Per-MCP metrics (one change, whole fleet)

create_mcp_server mounts an unauthenticated GET /metrics and a ToolMetricsMiddleware recording, per server:

  • agent_utilities_mcp_tool_calls_total{tool,outcome}
  • agent_utilities_mcp_tool_duration_seconds_bucket{tool} (histogram)
  • agent_utilities_mcp_tool_in_flight

These are the server-side complement to the multiplexer's agent_utilities_mcp_child_* metrics. All metrics no-op without the optional metrics extra.

Scrape coverage (auto-maintained)

scripts/gen_prometheus_mcp_targets.py reads deploy/mcp-fleet.registry.yml and writes services/lgtm/targets/mcp-fleet.json — one target per MCP at <stack>_<service>:8000 with stack/service labels. Two Prometheus jobs reuse that file-SD: mcp-fleet (scrape /metrics) and blackbox-mcp (rewrite each target into a /health probe). Re-run the generator on fleet change.

Dashboards (provisioned as code)

scripts/gen_grafana_dashboards.py emits three dashboards into services/lgtm/grafana/provisioning/dashboards/json/:

  • MCP Fleet Overview — every stack up/probe/req/error/p95 + per-stack container CPU/mem (the "all Portainer stacks" view).
  • MCP Per-Service — templated by $stack: tool rate/latency/errors, in-flight, container CPU/mem, and a Loki logs panel.
  • Host & Infra — node-exporter CPU/mem/disk per host.

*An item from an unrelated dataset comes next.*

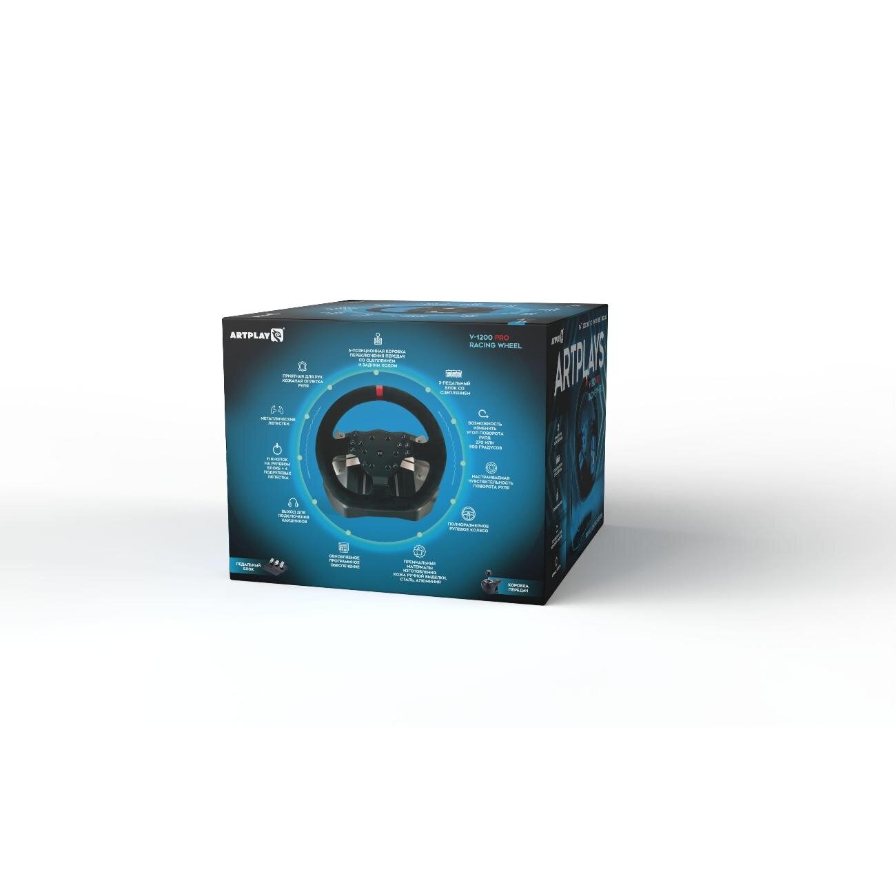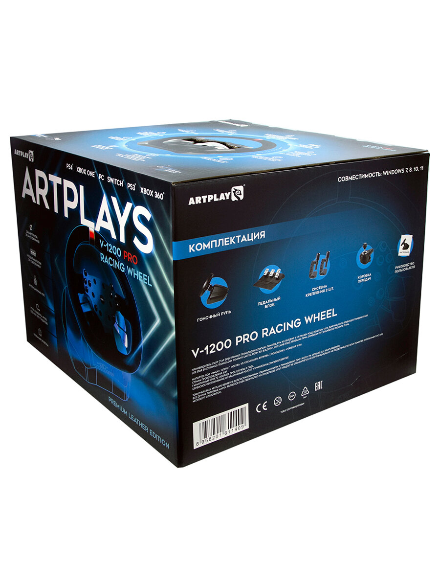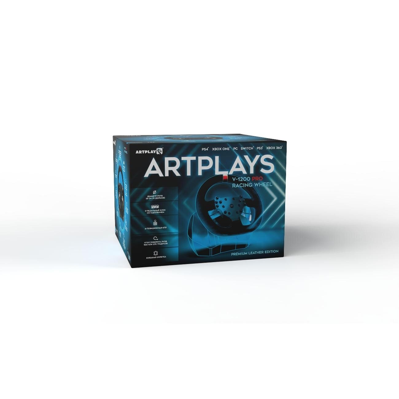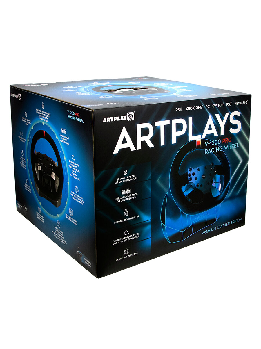 Игровой руль Artplays V-1200 Pro для PS4, PC, Xbox One, Switch. Premium Leather Edition (3-педальный блок, 6-позиционная коробка передач)

Datasources (Prometheus/Loki/Tempo) are provisioned in grafana/provisioning/datasources/.

Alerts

services/lgtm/rules.yml groups (→ Alertmanager → Mattermost):

  • infra-availabilityInstanceDown (non-MCP jobs).
  • mcp-fleetMcpServiceDown, McpProbeFailed, McpHighToolErrorRate, McpHighToolLatencyP95, McpChildBreakerOpen.
  • containersContainerOOMKilled, ContainerHighMemory, ContainerRestarting.
  • hostsHostHighCpu, HostHighMemory, HostLowDisk.

What lights up when

The config is in git; activation is two deploys:

  1. Redeploy the LGTM stack → the new jobs, blackbox, promtail, dashboards and rules go live.
  2. Rebuild the agent-utilities image (or mount its source) → MCP /metrics starts returning data; until then mcp-fleet targets read "down" (the McpServiceDown rule has a 10-minute fuse to stay quiet during the rollout).